If I understand the scenario correctly, connections are working fine from the Windows host to the Docker containers except to port 9042, which is the CQL protocol -- even when listen-address is configured in the YAML, right?
One possible explanation might be that if the --listen-address command line option is not configured, we default it to hostname -i, even overriding whatever is in YAML:
https://github.com/scylladb/scylla/blob/master/dist/docker/redhat/scyllasetup.py#L93
What's the output of the following?
$ docker logs some-scylla 2>&1 | grep "command used"
As a workaround, try configuring --listen-address, --rpc-address, --broadcast-address, and --broadcast-rpc-address from the Docker image command line.
@penberg thanks for the response.
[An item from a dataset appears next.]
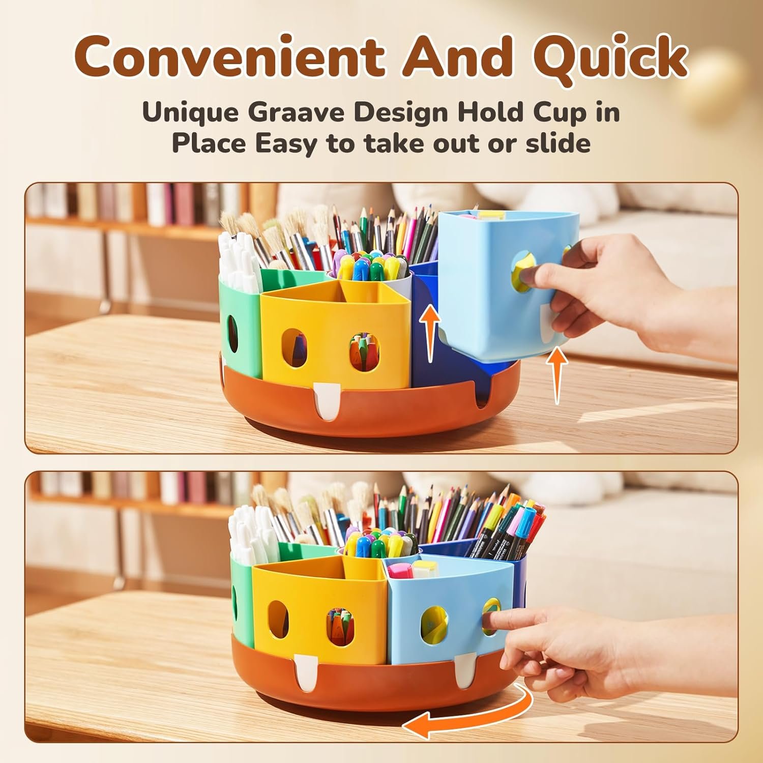 360°Spin Base: Simply spin this caddy organizer to store or take out your stuff. Perfect for keeping your classroom, art center, office or playroom clutter-free
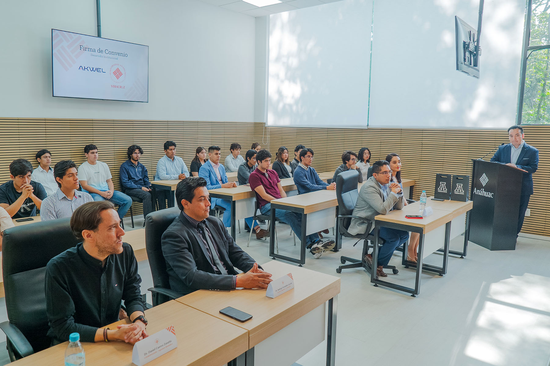 Tras dar la bienvenida a los presentes, el Dr. Linares agradeció al Ing. Meraz y al equipo directivo por su presencia, así como por la buena disposición por parte de AKWEL para estrechar esta alianza. Enfatizó la importancia de este convenio con una empresa líder en la industria automotriz, el cual permitirá conectar a los estudiantes con el sector productivo, brindándoles la oportunidad de adquirir experiencia y fortalecer su formación académica mediante prácticas profesionales. Finalizó mencionando que la Universidad Anáhuac Veracruz tiene como misión servir a la sociedad mediante la formación de profesionales íntegros, no solo en lo académico, sino también en valores humanos y espirituales, y que dicha alianza coadyuvará a preparar a los jóvenes para enfrentar los retos del mundo laboral con ética y responsabilidad.

I've had to recreate the environment, as this was obviously logged a long time ago, but can recreate it again.
The output of the command that you suggested is the following for scylla-node1:
"/usr/bin/scylla --log-to-syslog 0 --log-to-stdout 1 --default-log-level info --network-stack posix --developer-mode=1 --overprovisioned --listen-address 10.0.0.250 --rpc-address 10.0.0.250 --seed-provider-parameters seeds=10.0.0.250 --blocked-reactor-notify-ms 999999999"
I've tried running the containers with the parameters that you suggested, but unfortunately I still get the same problem.